Learning from physics research to tackle big data
Scientists at CERN are using big-data techniques to process 15 petabytes of information a year to piece together what our universe is made of.
Companies are increasingly collecting amounts of digital information that are so large as to be unwieldy. It's no surprise that finding a way to securely store, categorize and recall this information efficiently is a huge advantage for any enterprise or organization.
The growth of information has introduced an entirely new category of software in thearena, which includes a variety of databases, processing engines, and applications. The main objective of all of these tools is to make data more malleable and consumable so that it can be used in an easier way.
This week, CERN, the European Organization for Nuclear Research announced a relationship with software integrity provider Coverity to upkeep ROOT, a custom-built data analysis framework that processes and makes available the 15 petabytes of information that are generated each year from experiments using CERN's Large Hadron Collider--dubbed the largest scientific instrument ever built.

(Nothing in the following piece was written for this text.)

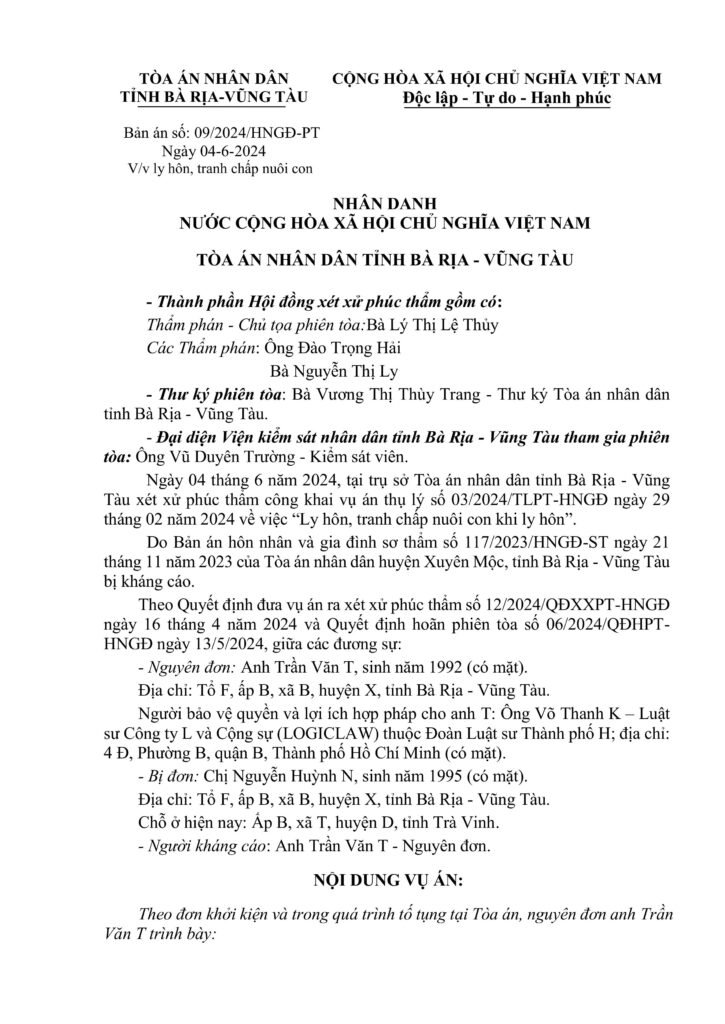 Xem file đính kèm toàn văn Bản án số: 09/2024/HNGĐ-PT

The information stored in ROOT helps CERN's 10,000 physicists piece together what our universe is made of and how it works by studying what happens when. Every second, scientists at CERN oversee 600 million of these particle collisions, which generate enough data to fill up 15,000 standard disk drives.
Usually, it takes years for cutting-edge research to trickle down into enterprise solutions and even longer for it to permeate a market--primarily due to the lack of resources familiar with the technology. However, with the explosion of data and companies competing to help enterprises tackle these mountains and silos of data, we should see more data analysis frameworks currently being used in academia and research take hold sooner than we have in the past.
The big question with academic projects is whether or not they can achieve a widespread adoption beyond researchers. There have been a number of research-based projects that have seen growth over the last few years, including the R free software environment for statistical computing and graphics, as well as the Globus Toolkit for grid computing and Eucalyptus for private clouds.